Fat-Tree QRAM: A High-Bandwidth Shared Quantum Random Access Memory for Parallel Queries
Shifan Xu, Alvin Lu, Yongshan Ding
TL;DR
The paper addresses the need for high-bandwidth shared QRAM to support parallel quantum queries. It introduces Fat-Tree QRAM, a multiplexed router architecture that pipelines $O(\log N)$ queries in $O(\log N)$ time using $O(N)$ qubits. It provides both modular and on-chip superconducting implementations, a detailed query-pipelining protocol, and a FIFO-based scheduling algorithm, along with hardware-utilization and error-mitigation analyses. The results show a constant QRAM bandwidth independent of memory size and substantial circuit-depth reductions for parallel algorithms, while maintaining error resilience comparable to BB QRAM and enabling practical fault-tolerance pathways.

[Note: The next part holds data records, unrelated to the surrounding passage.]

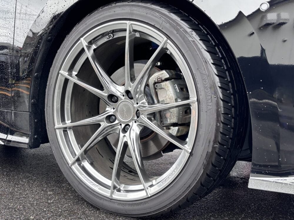 ホイールはウェッズの鍛造ホイール・F ZERO FZ-2(21インチ)にインチアップ。40の扁平タイヤを組み合わせています。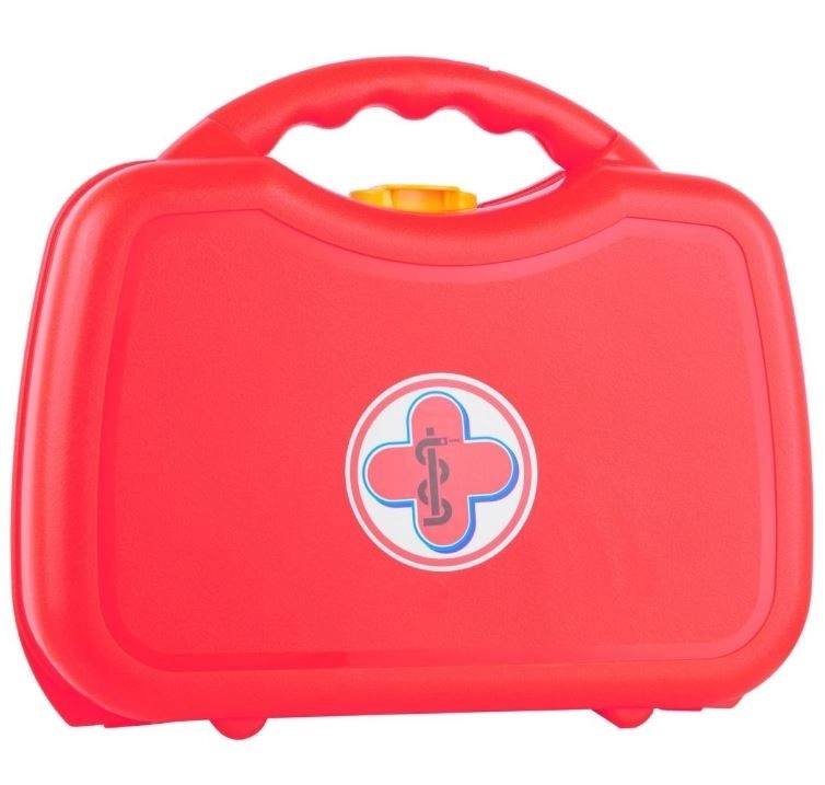Le set en mallette contient l’équipement de base indispensable pour tout soignant. La mallette rouge est fabriquée en plastique très résistant, possède une poignée de transport confortable et un clip jaune anti-ouverture. Ce petit set comprend jusqu’à 13 pièces. Tous les éléments sont évidemment sans danger pour les enfants et faciles à utiliser. La mallette contient un stéthoscope en plastique rouge et bleu foncé, des ciseaux en plastique, une pince, une seringue, un thermomètre, un otoscope, un marteau, une boîte avec des cotons-tiges, un pansement, une pince et un bloc-notes. Tous les objets sont bien sûr sûrs pour les enfants et simples d’utilisation. La gamme de sets et d’accessoires médicaux sert d’un côté à jouer au médecin ou à l’infirmier/infirmière et, de l’autre, aide les enfants à s’habituer aux visites chez le médecin, aux examens et aux interventions. Une large variété de sets avec plus ou moins d’accessoires est disponible, ainsi qu’une gamme de produits individuels, comme des blouses médicales et des stéthoscopes. L’ensemble de la gamme est conçu visuellement pour que garçons et filles puissent y jouer.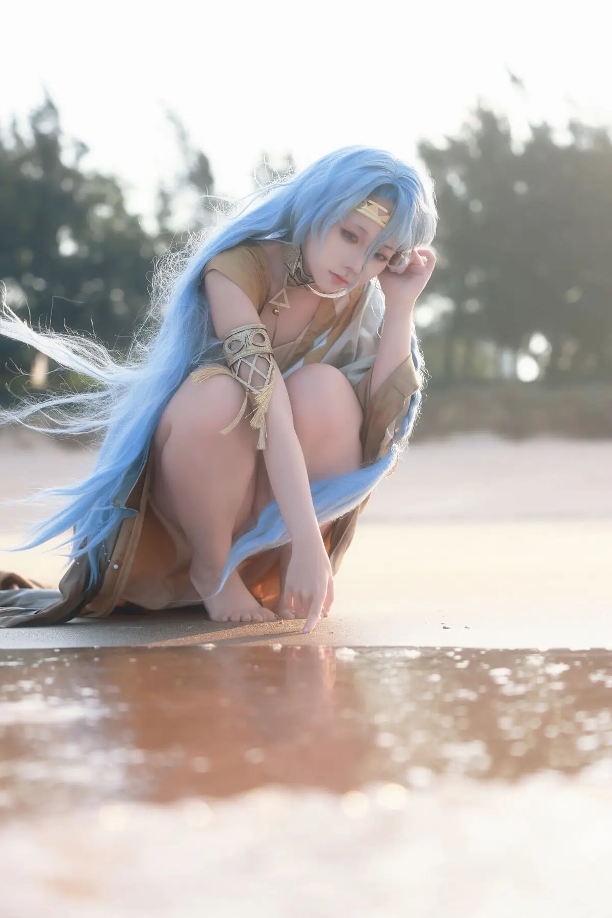 In this captivating photo cosplayer G44 Bu Hui Shou Shang masterfully embodies a character from the popular game Reverse: 1999. The stunning beach setting bathed in golden sunlight and clear blue ocean creates an incredibly picturesque and refreshing backdrop. The character's costume is meticulously recreated with intricate details and soft colors that perfectly harmonize with the vast seascape. The cosplayer's graceful gentle beauty inviting gaze and subtle smile further accentuate the character's ethereal aura. This image not only showcases the elaborate effort invested in cosplay but also evokes a sense of serene relaxation reminiscent of a memorable summer vacation. It is truly an impressive piece of cosplay artistry.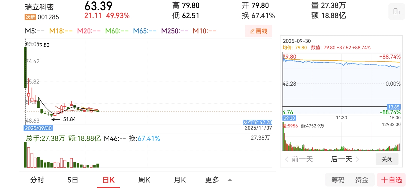 交易所2025年11月7日公布的交易公开信息显示,德力佳因成为无价格涨跌幅限制的证券上榜。德力佳当日收报70.52元,涨跌幅51.07%,偏离值71.34%,换手率71.34%,成交额18.50亿。

These findings suggest Fat-Tree QRAM as a viable, scalable shared memory solution for multi-QPU quantum computing.
Abstract
Quantum Random Access Memory (QRAM) is a crucial architectural component for querying classical or quantum data in superposition, enabling algorithms with wide-ranging applications in quantum arithmetic, quantum chemistry, machine learning, and quantum cryptography. In this work, we introduce Fat-Tree QRAM, a novel query architecture capable of pipelining multiple quantum queries simultaneously while maintaining desirable scalings in query speed and fidelity. Specifically, Fat-Tree QRAM performs $O(\log (N))$ independent queries in $O(\log (N))$ time using $O(N)$ qubits, offering immense parallelism benefits over traditional QRAM architectures. To demonstrate its experimental feasibility, we propose modular and on-chip implementations of Fat-Tree QRAM based on superconducting circuits and analyze their performance and fidelity under realistic parameters. Furthermore, a query scheduling protocol is presented to maximize hardware utilization and access the underlying data at an optimal rate. These results suggest that Fat-Tree QRAM is an attractive architecture in a shared memory system for practical quantum computing.